But, local experts say there are new ways to control what they have access to.

"It's amazing we have a Wii U and we'll play Mario at night and the kids have access to the internet, YouTube and things like that, when we're just sitting and having game night," said parent Heather Breazile. "It's insanely east to get into."

And that's a problem, because the world isn't always kid friendly.  

"A couple of times our daughter got onto our kindle and bought stuff," said Parent Francine Lion. "Luckily, it was just kid stuff."

But, beyond children accidentally buying something harmless from time to time, explicit content is more often than not only a couple of swipes away.   

"I think anyone who is a parent can think of their own childhood and think of the things they say they didn't do, and know that it'll happen because kids are curious," said CEO of AlwaysOnIT Chris Benson.

Chris Benson says they get calls from concerned parents trying to figure out how to block their children from accessing pornography sites. But, the problem is, there's no wide sweeping fix.

"You have to have a multifaceted approach to make sure inappropriate content isn't viewed," said Benson.

Benson works with families to figure out the best plan for them. Aside from altering settings on a smart phone, Benson says major cell phone providers will now also offer family controls to block malicious content from popping up on phones.

But, if kids are accessing porn on public Wi-Fi, there's not much they can do about that.

"When we were just dealing with computers there were apps you could put on them and that solved problem, but with the proliferation of smart phones and internet devices of all kinds, it's getting harder," said Benson.
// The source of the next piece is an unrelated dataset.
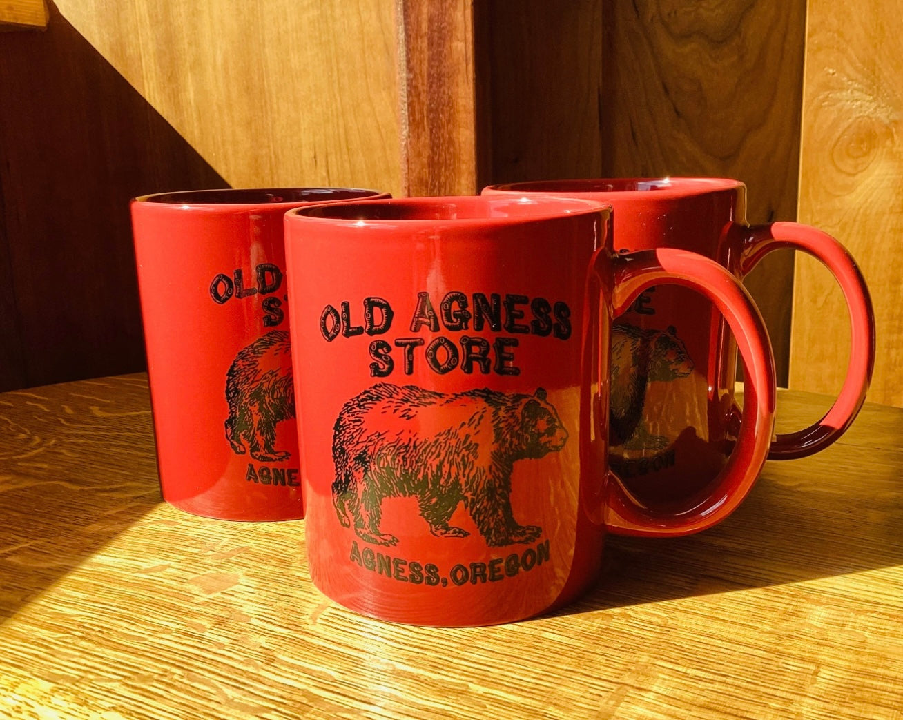 Stamped with the words “Old Agness Store, Agness, Oregon” and featuring our iconic bear logo, the Old Agness Store®️ Mugs are perfect for tea or coffee, and makes a wonderful gift.

When it comes to gaming devices, Benson says it's easy for parents to block a child's ability to get onto the browser, but still be able to play the game. That's just a quick fix in the settings. 
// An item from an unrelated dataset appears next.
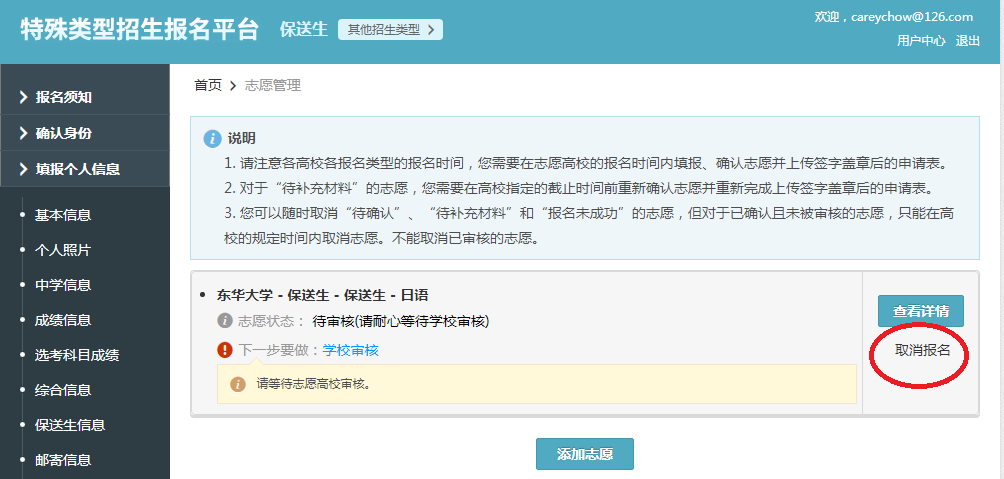 如果有些信息发现填报错误需要修改,可以取消报名后重新填写。

A new technology from Disney, called Circle, is now allowing parents to pair the device with their Wi-Fi and manage all phones together through an app.

"You can do things like set a bed time and the internet turns off, or you can be at the dinner table and hit a button and turn off the network. It even reports back what are kids doing, what sites they're going to and it gives information about chats on Facebook and things like that," said Benson.

Parents can also install apps like Teen Safe on a child's phone, or computer that records sites their children are surfing. It won't stop them from visiting explicit sites, but it can lead to a conversation afterward.

"My philosophy is that it's more about talking to kids about what's appropriate to share with people and what isn't," said Benson.

A philosophy many parents say they too are now learning to live by.

"You know, it's not fair to them and it's completely different than how I grew up, but that's the way it is and we have to make sure that we take the steps to make sure our kids are protected and don't see things they shouldn't see," said Breazile.